A modest proposal regarding college admissions

Frederick Hess:

Here’s another way to look at this: This isn’t an indictment of America but of the elite college cartel and the pathologies that it has enabled and exploited. It’s an indictment of the way elite colleges sell fast-passes to lucrative jobs on Wall Street and in Silicon Valley, of the manufactured scarcity that they have cultivated, and of the way they have avidly marketed that scarcity. When colleges sell access, or are so inept that they make it easy for the rich to buy access, this isn’t an indictment of American parents who pay for tutors or who diligently use their 529s to save for their kids’ tuition. This is an indictment of elite colleges.

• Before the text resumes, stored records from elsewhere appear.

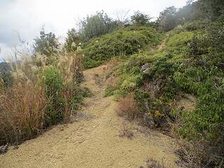 ところがこの尾根の東側は断崖絶壁となっていて、かなり危険である。所々オーバーハングになっていそうな箇所もあり、足を滑らせたら海まで一直線に墜落してしまいそうだ。気を付けた方がよい。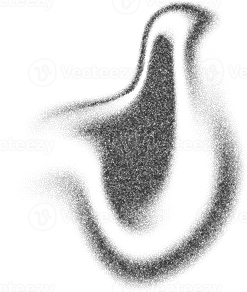 Grainy dotted gradient with pattern of noise texture. Wavy brushstroke with dust effect. Stipple splash and shadow. Fluid liquid halftone fade. Pro PNG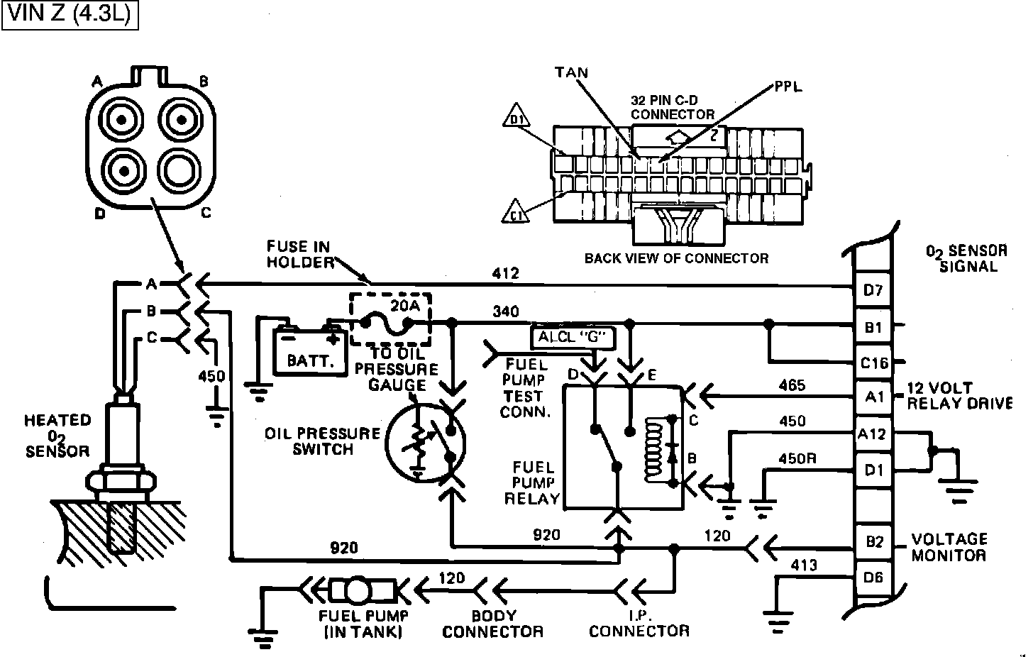 When the ignition switch is turned "ON", the Electronic Control Module (ECM) will turn "ON" the in-tank fuel pump. It will remain "ON" as long as the engine is cranking or running, and the ECM is receiving HEI distributor reference pulses.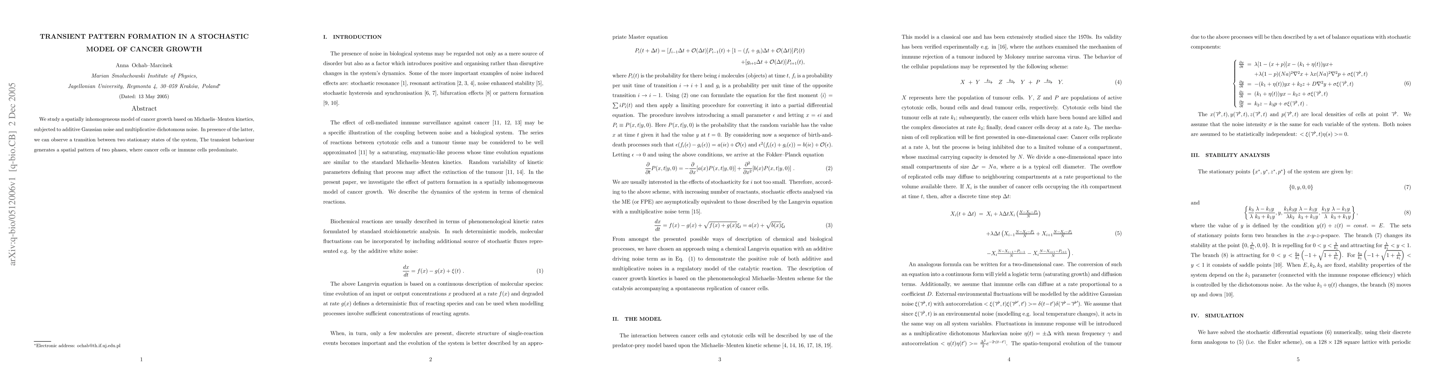 We study a spatially inhomogeneous model of cancer growth based on Michaelis--Menten kinetics, subjected to additive Gaussian noise and multiplicative dichotomous noise. In presence of the latter, we can observe a transition between two stationary states of the system. The transient behaviour generates a spatial pattern of two phases, where cancer cells or immune cells predominate.

If admissions offices cannot detect even rudimentary corruption and institutions can’t stop themselves from selling access, it raises the question of whether we can trust them to make subtle distinctions when it comes to sensitive issues like race and merit. What we’ve learned this week can’t help but raise questions, for instance, about affirmative action and whether the courts can in good faith give admissions offices the latitude to make fraught decisions about how to incorporate consideration of race within the delicate bounds of constitutional propriety.

Given all this, here’s a modest proposal: Maybe elite colleges should put their money where their mouth is when they pontificate about the need to democratize opportunity, take a page out of the K-12 charter school book, and switch to lottery admissions.